Melihat sikap anggun Xu Ming, rubah merah muda itu tak bisa menahan untuk sedikit menggoyang ekornya.
Dia membawa Xu Ming untuk melihat dua kamar tamu. Satu telah dialihfungsikan menjadi ruang penyimpanan, sementara yang lain adalah milik adik perempuannya, yang saat ini sedang bekerja.
Akhirnya, rubah merah muda itu membawa Xu Ming ke kamar tidurnya sendiri.
Kamar tersebut dihias hampir tidak bisa dibedakan dari kamar seorang wanita manusia biasa. Ada tempat tidur, meja dengan dua kursi, dan meja rias yang menampung cermin perunggu dan beberapa pemerah pipi.
Sebenarnya, Xu Ming cukup penasaran—bagaimana rubah yang berciri wajah berbulu bisa memakai makeup?
Setelah menghabiskan waktu sekitar sebatang dupa melihat-lihat kamar, Xu Ming menggunakan Mata Polanya untuk memeriksa adanya kompartemen tersembunyi atau keanehan. Namun, ia tidak menemukan apa pun yang mencurigakan.
Kota Baiwa telah ada selama lebih dari seratus tahun, dan halaman ini kemungkinan telah berganti pemilik berkali-kali. Xu Ming mulai meragukan apakah tempat ini menyimpan petunjuk yang berguna.
“Angsa? (Apa ini?)”
Tepat ketika Xu Ming akan mengucapkan selamat tinggal kepada rubah merah muda itu, Angsa Tianxuan berjalan mendekati sebuah bata di dekat bingkai pintu. Ada alur tipis yang terukir di dalamnya.
“Ini mungkin hanya erosi dari air,” komentar Xu Ming.
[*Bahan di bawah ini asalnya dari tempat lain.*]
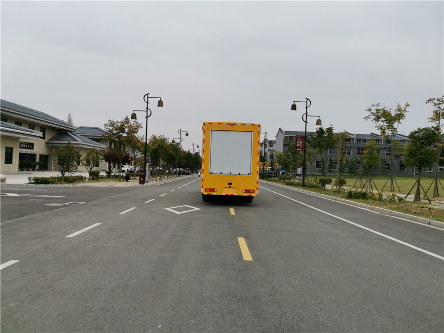 选装配置:选装行李架、爬梯、车顶工作台;选装不同形状、结构的警示灯;选装中隔断(可选择开门)、车身两侧可选开上掀门、盲窗、侧开门;花纹铝板;加装设备工具柜、配电箱、发电机组、水泵、电焊机、空压机等线路安装外接电源系统、(室内灯光照明、探照灯、高杆照明灯等);绕线盘,还可根据用户不同需求加装不同的维修抢险设备、车身制作专用图案或标识。

Dia telah memeriksa seluruh ruangan dengan Mata Polanya dan tidak menemukan apa pun di dalam alur itu.
“Honk honk honk (Tapi Xu Ming, aku merasa ada yang aneh dengan alur ini),” kata angsa.
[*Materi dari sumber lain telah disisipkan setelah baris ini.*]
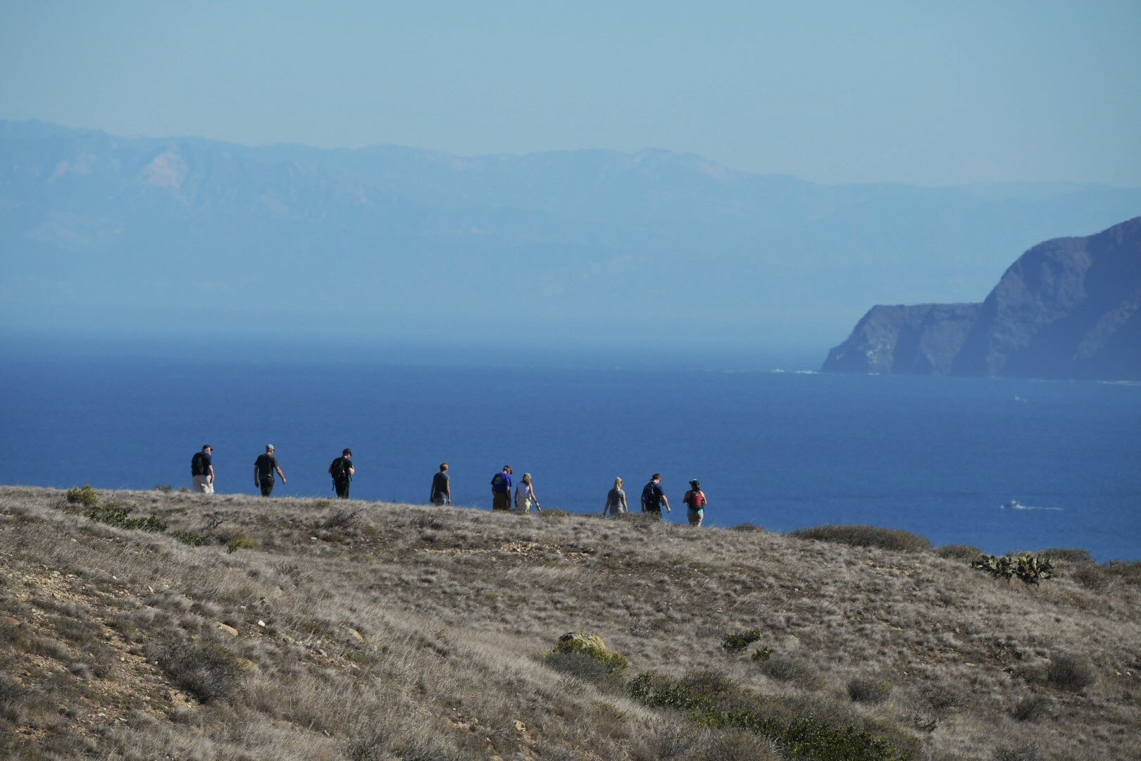 After days of sunshine and warm temperatures, the “raincoast” delivered some authentic fall weather today. The day started with a thick fog as we cruised into Friday Harbor and cleared Customs. By the time we reached Lime Kiln Lighthouse on the west side of San Juan Island, the fog had lifted, giving us picturesque views of the Strait of Juan de Fuca with Vancouver Island silhouetted along the horizon. We were able to tour the gorgeous lighthouse that, in addition to still being operational, serves as an interpretive spot for the southern resident orca whales that frequent the area. In recent years, this unique population of whales has shrunk to 73 individuals due to a variety of reasons, especially decreased salmon populations. In the evening, two members of the Center for Whale Research came aboard to discuss their most recent findings and what must be done to ensure that these intelligent and charismatic animals continue to populate these waters for generations. The San Juan Islands are also home to a little-known piece of U.S./U.K. history. Known as the Pig War, a nonviolent confrontation over the border took place between the two countries. It was settled after much dispute. For twelve years, American and British camps occupied opposite sides of the island until an arbitrator ruled in favor of the Americans, and the border was drawn in Haro Strait, west of San Juan Island. The sites of the two camps are now national parks, and the eerie fog that drifted up the treeless hills added to the overall environment, reminding us that, despite the dry weather, fall and Halloween are right around the corner.

“Apa yang aneh?” tanya Xu Ming.
Angsa menggosok kepalanya, lalu melepaskan bilah angin ke alur tersebut. Begitu bilah itu menyentuhnya, alur itu menghilang dalam sekejap, tanpa menyisakan jejak.
“Hmm?” Xu Ming mulai memperhatikan lebih dekat.
Dengan berlutut, dia mengarahkan sedikit api energi spiritual ke dalam alur tersebut. Api itu segera padam.
Tampaknya alur itu memiliki semacam mantra pembatas.
Xu Ming menyadari bahwa Mata Polanya, yang bergantung pada energi spiritual, belum sepenuhnya berevolusi. Jika alur ini dilindungi oleh formasi kecil yang mengisolasi energi spiritual, masuk akal jika dia tidak bisa melihat ke dalam.
Tiba-tiba, sebuah ingatan tentang kata-kata Shen Sheng bergema di pikirannya: “Jika kamu bisa memberiku satu permintaan terakhir, tolong bawa abuku kembali ke Kabupaten Qingyang.”
Xu Ming membuka ikatan bundel dan mengeluarkan sebuah guci kecil yang berisi abu Shen Sheng.
Dia menuangkan abu itu ke dalam alur, mengisinya sepenuhnya.